Worker’s Compensation: What is in the Course of Employment?

March 25th, 2014 by Dan Stone

workers-compensation-course-of-employmentIn Ontario, under the Workerplace Safety and Insurance Act, S.O. 1997[1], if an individual sustains an injury from an accident which arises out of and in the course of their employment, they are entitled to worker’s compensation benefits. Further, there is a rebuttable presumption that when an accident arises out of the individual’s employment, it also occurs in the course of their employment.

There have been a number of interesting decisions abroad regarding whether an individual should be entitled to worker’s compensation. In an article published by the Associated Press[2], the author writes about a recent case in Berlin, Germany involving a teacher. In this case, the teacher successfully brought an action for worker’s compensation for injuries she sustained during a school trip, while dancing on a bench at a beer tent. In a statement made by the court explaining its decision, the court argued that the teacher would risk distancing herself from her students if she refused to dance on the bench, given that this was a “normal and socially appropriate” activity.

In an article by Rod McGuirk[3], he discusses another recent case from Australia, Comcare v PVYW [2013] HCA 41. In this case, a government employee brought an action for worker’s compensation for injuries she sustained on a business trip while she was engaging in intercourse in a motel room.
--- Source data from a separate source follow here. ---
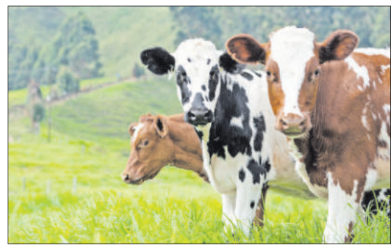
New Zealand is planning a “world first” levy on emissions of methane and nitrous oxide, produced by the nation’s six million cows and 26 million sheep as a step towards tackling climate change.
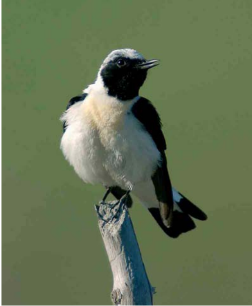
74 Eastern Black-eared Wheatear / Oostelijke Blonde Tapuit Oenanthe melanoleuca , adult male, Lesvos, Greece, April 2002. Rather typical bird with much black on lores, forehead and throat, too much for hispanica . The ochre tone on the breast is very weak (and will probably have disappeared within a month or so), leaving a narrow whitish fringe below the black throat-bib, more typical for hispanica .
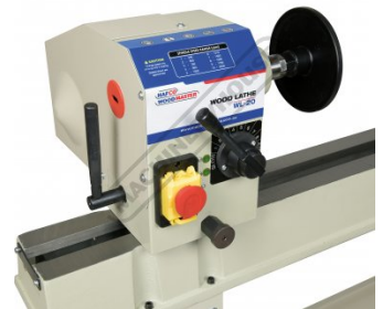
Headstock Left Top View
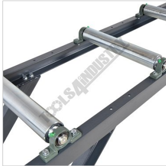
Additional Drill Holes For Extra Rollers
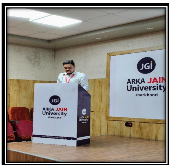
Fig 10: Talk of a Speaker on Anti- Ragging
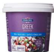
Greek Style Cheese 200g
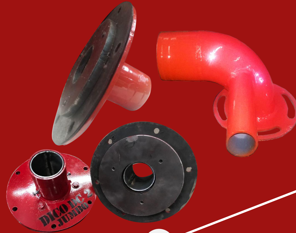
Suku Cadang Spare Parts

Built for continuous heavy-duty operation in mining and dredging environments, handling high-volume slurry and sand transfer in demanding field conditions.
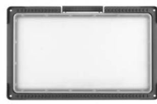
Magnum Multi Battery L 9250 lm
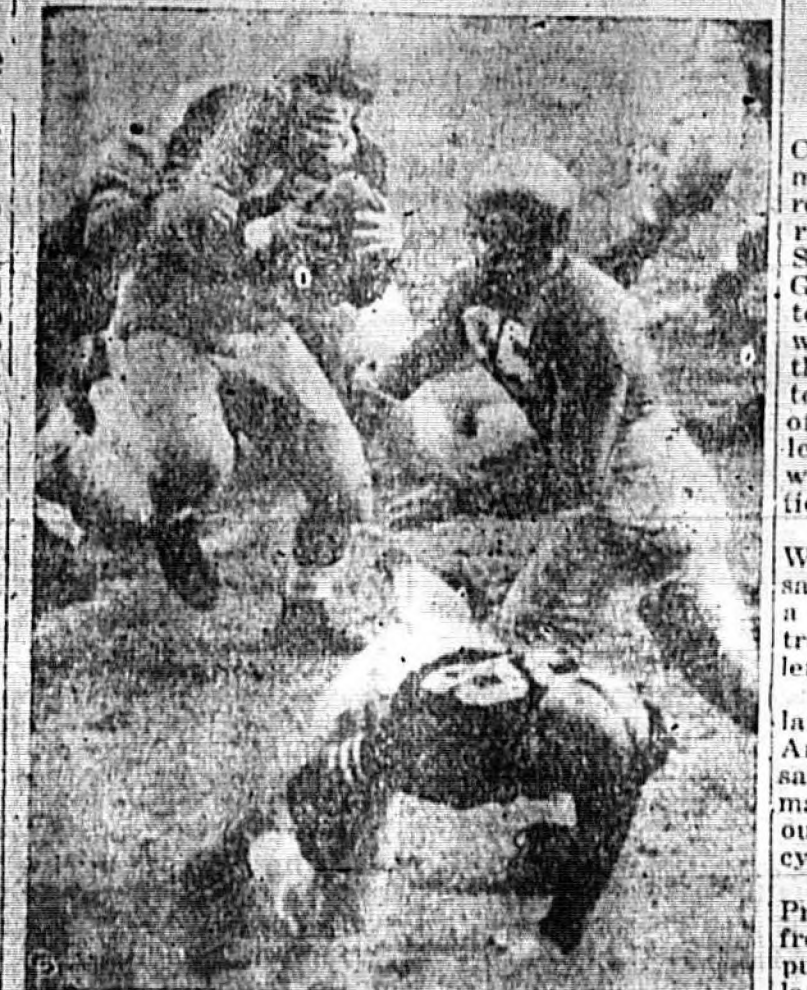
The Fighting Face Of Tucker

Truman Says Methods Of Agreement Will Be Worked Out As Congress Convenes... More Than 1,000 Jews Allowed To Enter Palestine
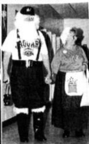
Santa & Mrs. Claus left the North Pole to stop for a visit!
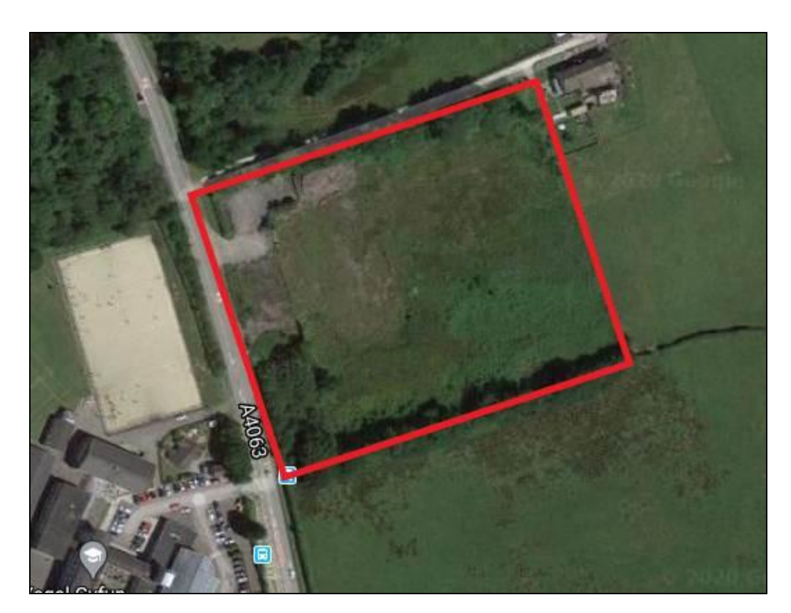
Figure 2. Area surveyed

3.2.4 The majority of the site is brownfield land, however the land at a higher level paralleling the hedgerow to the south and sweeping northward at the road frontage appears to be more natural in character. Much of the site is vegetated, except a small area of tarmac and concrete at the entrance-way.
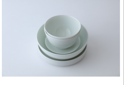
Akio Niisato "Five Bowls" 2023
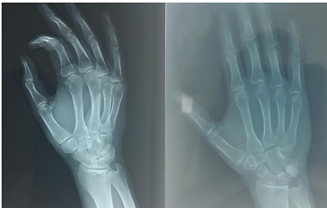
Fig. 4. Hand X-rays after K wires removal.

hand injury. In our case there was no associated or vital trauma, the diagnosis was easier and treatment was urgent by closed reduction. The choice of treatment depends on the severity and stability of the CMC joints, and the time of the hand injury
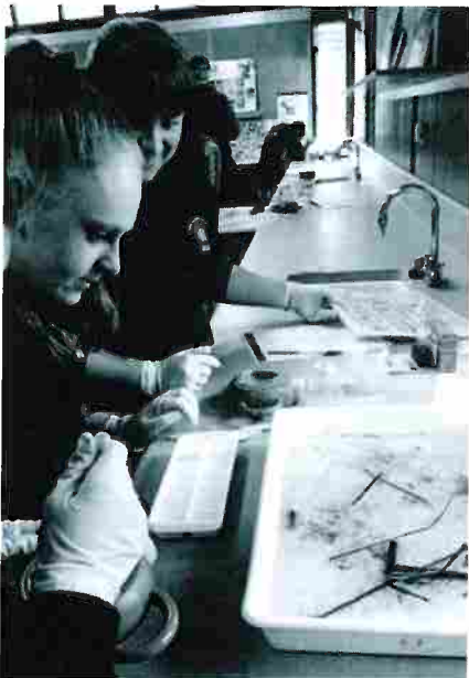
Students testing water samples at the McCormick Centre
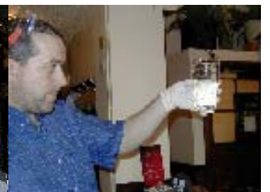
O Inspect for floaters in the rinse water; it should be absolutely clear.

P Reconnect the beer. Q Switch the cooler back on. R Inspect the dispense product for clarity.
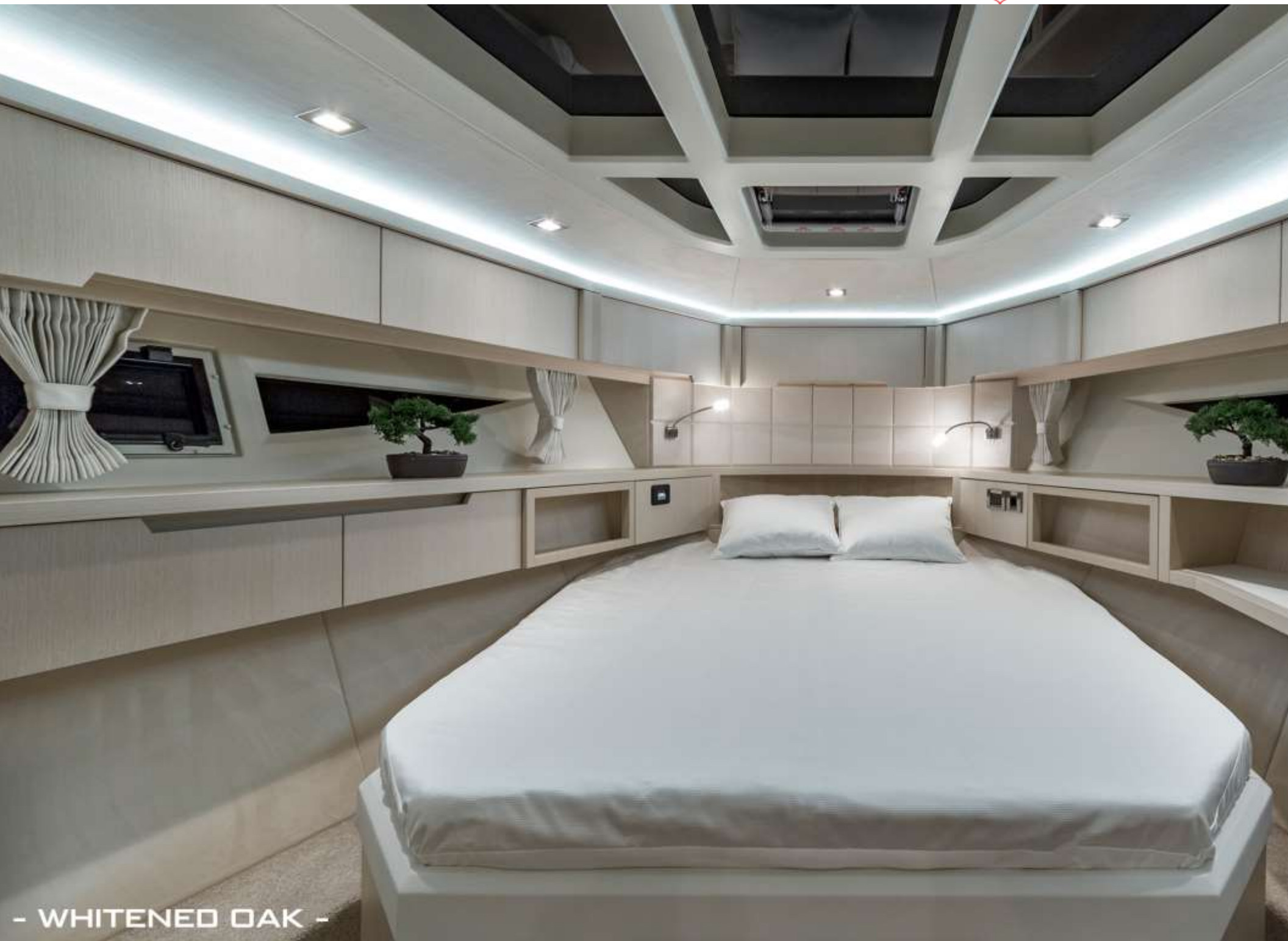
- WHITENED OAK -
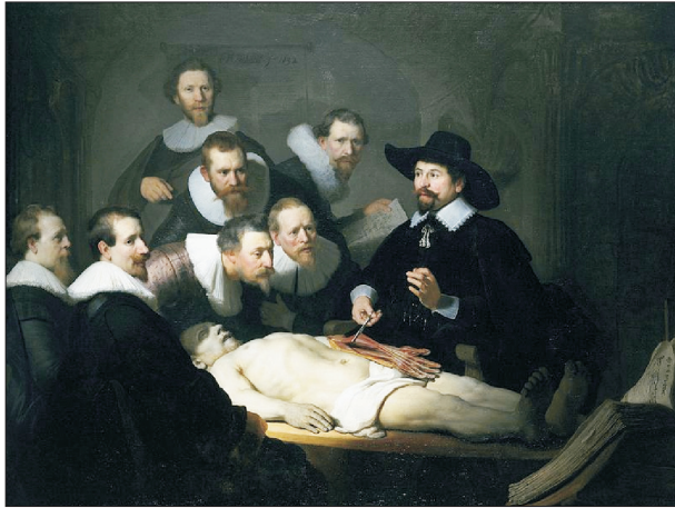
Fig. 4. The anatomy lesson of Dr. Nicolaes Tulp, official city anatomist of the Amsterdam Guild of Surgeons, drawn by Rembrandt in 1632. Anatomical dissection sessions were social events in those days being attended by students as well as the general public on payment of an entrance fee. All the spectators were properly dressed for a solemn social occasion. Image in public domain.

spread beyond the boundaries of the universities among the general population leading to public dissection sessions being attended by huge crowds and subsequent establishment of anatomical theatres (Fig. 4) [17, 43].

She was initially successful, but lost when the decision was appealed to the High Court. In a statement summarizing the High Court’s ruling[4], the court explained that “[t]he relevant question is: Did the employer induce or encourage the employee to engage in that activity?” The court found the answer to this question to be “No”.

While these cases are not binding on Ontario courts, they pose interesting questions with respect to what can be considered to be “in the course” of an individual’s employment.